Here is an interesting article published in The Atlantic which claims that the productivity in science is declining. The investment in science is increasing but the pace of novel or truly important discoveries is decreasing. They give various reasons; I have few additional thoughts that I assume authors thought of but were not included in this piece.
1. The age of scientist at discovery is increasing due to the large volume of knowledge we ‘force’ young scientist to learn. We have formalized ‘learning’ to an extent that we feel it is obligatory for anyone to ‘know’ it all before moving forward. Just as an example, the ‘required’ courses to take are often not directly relevant to the learner’s interest or the to the topic. WE have added those without any scientific evidence that such additional courses help with discovery. We preach evidence, we prefer not to teach by science. And when we try to accumulate evidence, we do it using irrelevant outcomes. This is the problem with education in general and not with science education.

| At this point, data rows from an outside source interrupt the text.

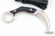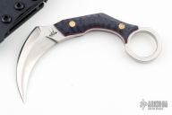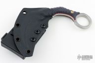 This Karambit by Shade Indonesia features a satin finished hawkbill blade, .251" blade stock and 1.018" blade depth, full tang construction. The handle has black G-10 scales over red liners with a ring at the butt. Comes with kydex sheath with belt clip. Excellent condition.
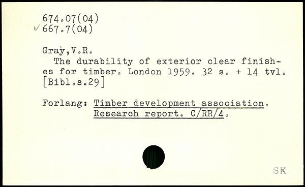 Gray,V0Rc The durability of exterior clear finishes for timber.
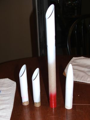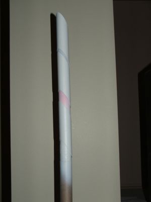 Bill used a copy of the original instructions with this kit. They weren't overly descriptive, but anyone with a few birds under their belt will have no trouble with the construction. The two halves of the main body tube are attached with the coupler and wood glue. I then tied the length of Kevlar around the engine block and secured it with wood glue, then glued the engine block into the lower section of the main body tube. The giant screw eye was epoxied into the nose cone and attached with a large snap swivel. At this point the rocket was complete except for attaching the tube fins, which was done with epoxy after all painting was finished for reasons of masking impossibility. The method for attaching the tube fins is fairly simple. An extra piece of body tube the same diameter as the tube fins is provided and the first fin is carefully epoxied into place so that the foremost tip of the fin is flat against the main body tube. Once this tube dries the extra piece of tubing is secured in place with masking tape and the next tube fin is attached so that all three pieces of tube are flush with each other. The second tube fin is then epoxied into place and the process is then repeated for the final tube fin.

2. Truly novel discoveries happen in spurts. Discovery of zero was truly important, one may argue more important than general relativity. Perhaps discovery of algebra and calculus were also more important, and fundamental, than general relativity. But these discoveries are not ‘novel’ anymore for us. I believe new discoveries happen after we have utilized the older discoveries to close to the fullest extent. Imagine a new discovery as a new house; once we build a new house, we start filling it, decorating it, accumulating useful (and some junk) ‘stuff’. This is perhaps what happens with truly important discoveries. A truly important discovery is followed by many small discoveries over next many years until the potential of new discovery has been fully realized and then another new discovery happens.